The environmental risk from TFA as degradation product of CFCs substitutes can be deduced from the value of the ratio of exposure to effect, or of Predicted Environmental Concentrations to Predicted No Effect Concentrations (PEC/PNEC). To derive a PEC, production and releases of parent compounds, along with rates of transformation into TFA, have been modeled. A range of concentrations in rain water has been calculated, taking into account geographical variations (OH radical concentrations, amount of rain, regional releases of parent compound). A rough average concentration of 0.1 µg/l in rainwater, by the year 2020, is taken as a global PEC. But an important question remains concerning the origin of the large current levels of TFA which have been measured in the environment (fresh and marine surface waters, rain and air) and which cannot be explained by the known industrial sources.

    The physico-chemical properties of TFA allow a prediction of no bioaccumulation in animals. In terrestrial plants, accumulation can take place but is transient and effects on vegetation can be observed only in experiments using non environmentally relevant concentrations (102-106 mg/l).

    TFA is not retained in soils, with the exception of those having high organic content; in this case, it is uncertain if it can still be bioavailable. Generally speaking, TFA remains associated with water and has been shown to be not effective on several types of metabolism related to basic biogeochemical cycles.

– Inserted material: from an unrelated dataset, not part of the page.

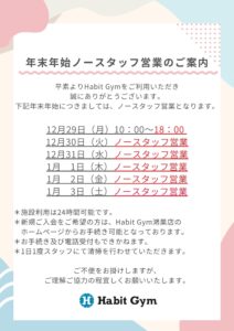 トレーニングサポートが予約なし無料、水素水サーバー無料、男女別更衣室、鍵付きロッカー無料、始めやすい24時間ジムとなってます♪鴻巣市でジムをお探しの方は、是非、Habit Gymにお越しください!
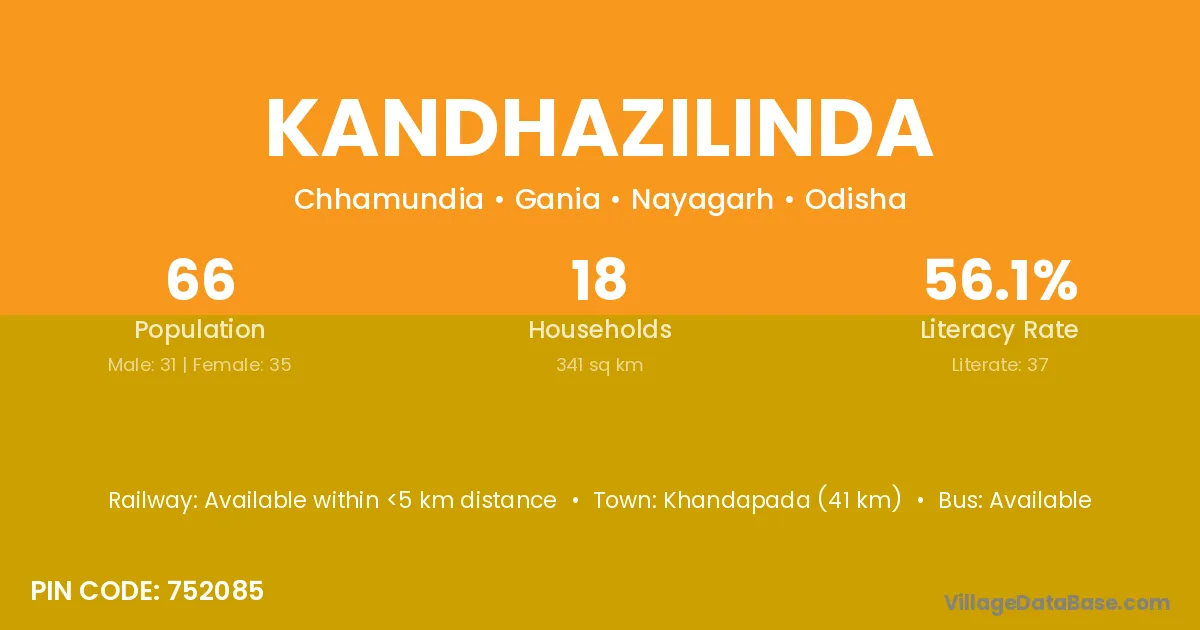 Khandapada (41 km) is the nearest town to Kandhazilinda village for major economic activities and is located approximately 41 km away.

    Given the fact that deposited TFA would remain in water, a number of studies have been done aiming to derive a PNEC in the aquatic compartment. Standard acute tests on fish and daphnia carried out with NaTFA show no effects on animals at large concentrations (up to 1 g/l TFA). This is reinforced by toxicological data on mammals. On the other hand, the NOEC for the standard algal species Selenastrum capricornutum is around 0.10 mg/l (as TFA). To see if this sensitivity was general among algae, 10 other species belonging to 4 different classes have been tested: no one was sensitive to NaTFA (NOEC> 100 mg/l). It is proposed to use as a PNECaqua (the NOEC of this species of algae) as a worst case, without any further safety factor. So, PNECaqua=0.1 mg/l.

    A large amount of research has been devoted to effects on higher plants, as they could be exposed to TFA in rain water through leaves and stems and TFA in pore water through roots. A few tested species (selected among those having an important role in feeding people and cattle) show a significant sensitivity to TFA (as NaTFA). The threshold for effects on wheat and soya is around 5 mg/l with a NOEC=1 mg/l. Other studies show that nitrogen fixation is not affected up to 1 mg/kg soil. Therefore, a conservative figure could be PNEC soil = 0.1 mg/l.

    No significant risk is anticipated from TFA produced by atmospheric degradation of the present and future production of HCFCs and HFCs, as there is a 1000-fold difference between the PNEC and the PECs.